Doctors told Jill that due to her adopted son condition known as Asperger’s Syndrome, he would “probably never play organized sports because he would not understand the competition aspect," she recounted.

Well, that’s news to Sabin. It’s very evident in his rapid rise through the JV ranks of the Salem Hills Skyhawk football that he understands competition just fine. He's understanding it so much so, in fact, that he starts on the junior varsity squad and, according to Salem Hills head coach Joel Higginson, Sabin is competing for a spot on varsity.

Pretty remarkable considering it’s been just five short months of playing a game he’s never known with kids he’d never spoken to before last summer.

To look at him, it’s plain to see Sabin has an athletic body with a strong physique and is brimming with potential. While that definitely works in his favor in the athletic arena, it belies years of tremendous internal struggles that have all but paralyzed him for most of his young life, making his recent transformation nothing short of miraculous.

“All I can say is that since Sabin became a member this football team, he has been a new man,“ Jill said. “Every day he continues to blossom and unfold in ways we never thought possible. He’s doing, saying and feeling things we were told he never would.”

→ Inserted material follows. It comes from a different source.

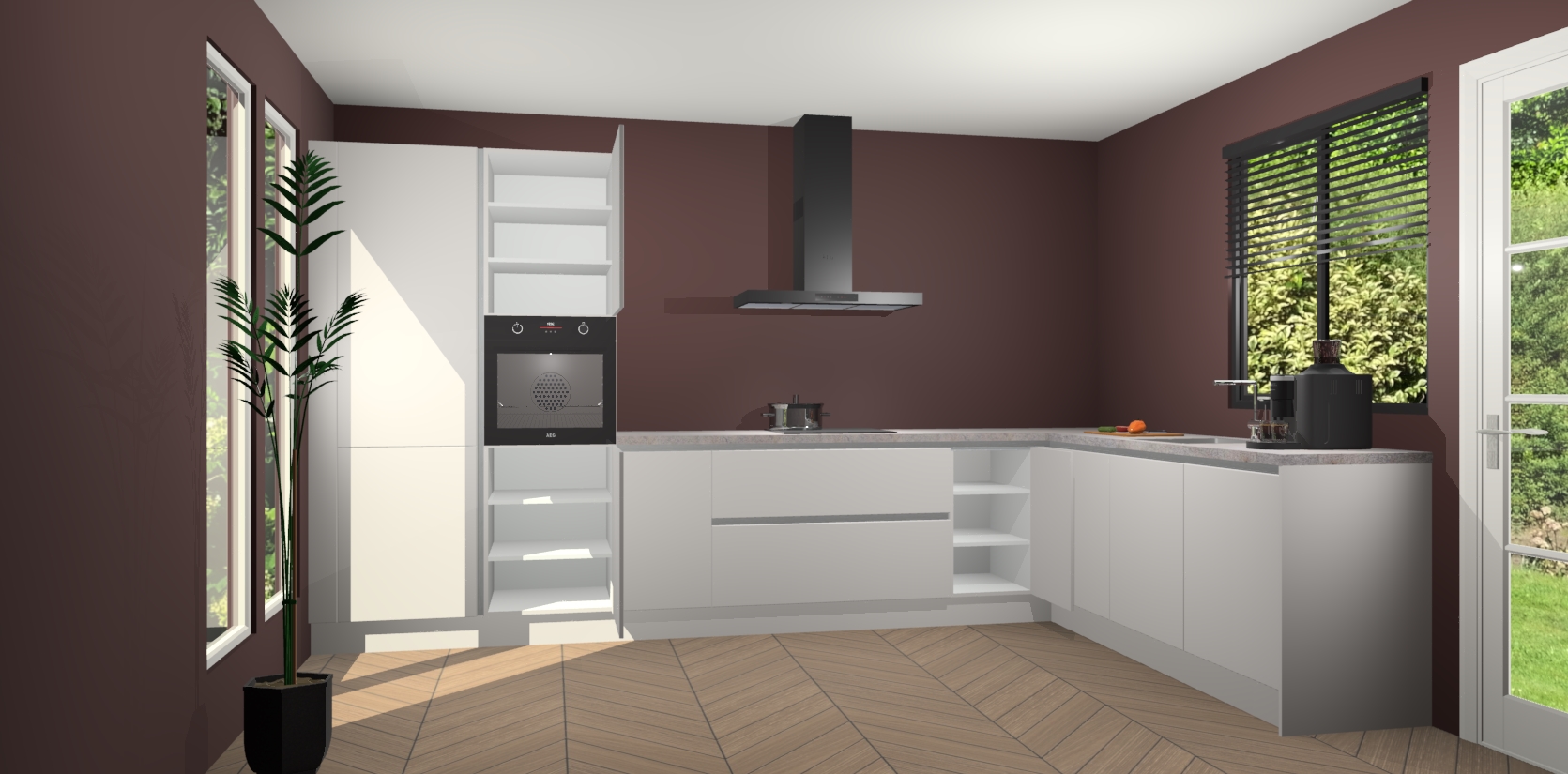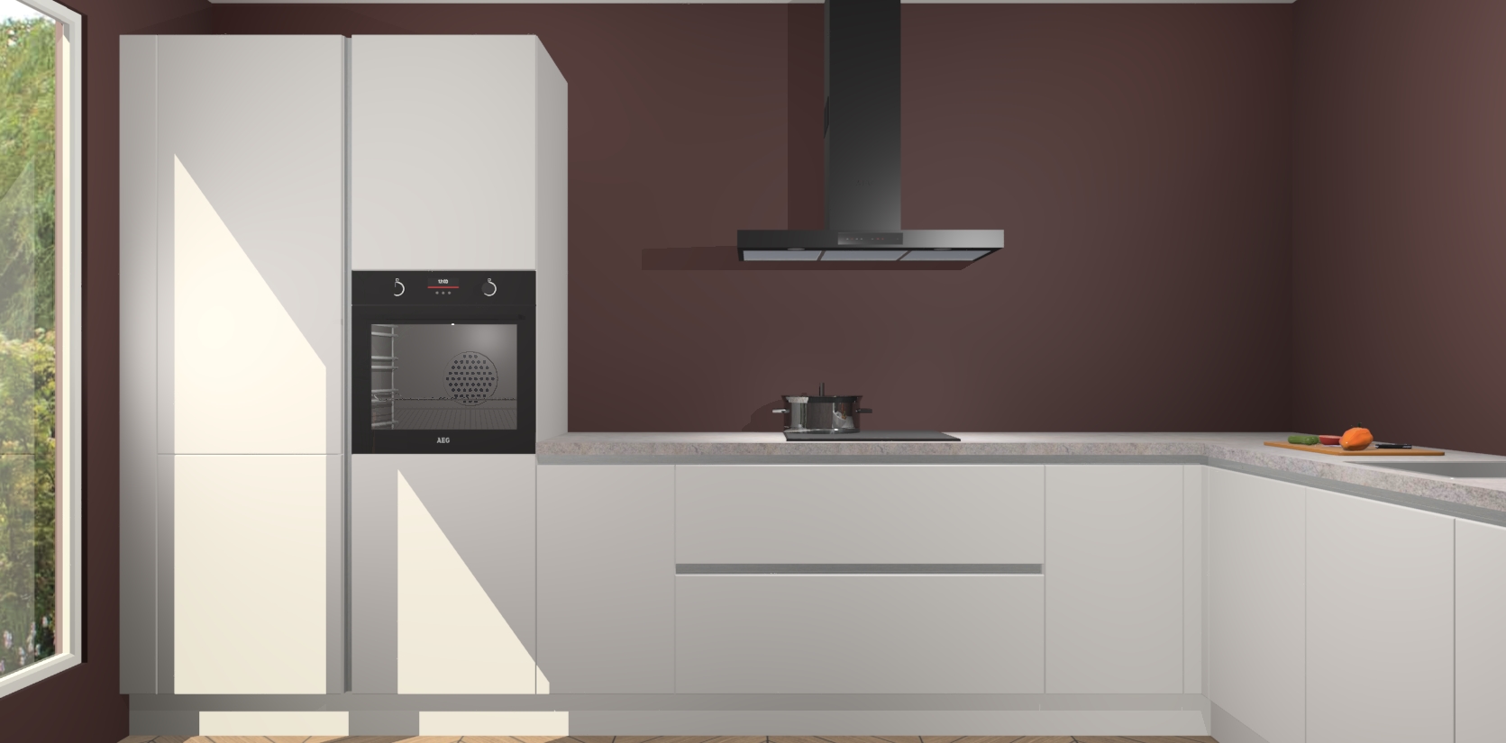Met een modern, tijdloos design en ruime opslagruimte, zult u zich in no-time thuis voelen in uw nieuwe keuken. Uw leven wordt eenvoudiger met de soft-close deuren die voor het ultieme stille comfort zorgen - geen geluid dat u stoort terwijl u kookt. Ook is de keuken voorzien van 5 ingebouwde apparaten: een oven, inductie kookplaat, afzuigkap, vaatwasser en koelkast. Deze kunnen gemakkelijk na bestelling worden bijgewerkt naar AEG - waardoor uw luxe ervaring compleet is.

Things that come easy to most people, such as making new friends, remembering dates, details and schedules, and even going on a date to the homecoming dance have all happened for the first time in Sabin’s life since he found football. The boys on the team have rallied around and befriended him in ways that continue to humble and astonish his grateful mother.

Fondly, she recalls picking him up from summer two-a-day practices. One of the players said goodbye to Sabin and that he would see him later that night. Jill asked Sabin who the kid was and to Jill’s utter shock he said, “Oh, that’s my new friend, Ammon.”

“Realize,” said Jill, “that’s the first time Sabin had ever labeled another kid as his new friend.”

Along with making new friends, he is also getting out of bed every morning, which is another first.

According to Jill, Sabin is quite adamant about being to the gym by 6 a.m. for his daily weightlifting workouts with his new-found football buddies. Mom couldn’t be happier about it.

“This team has saved my son. For that, I would gladly pick up that big strapping boy of mine, throw him over my shoulder and walk the three miles from our house to the school every morning — in my nightgown — if I had to, just for him to be a part of this team that he has come to love," Jill said.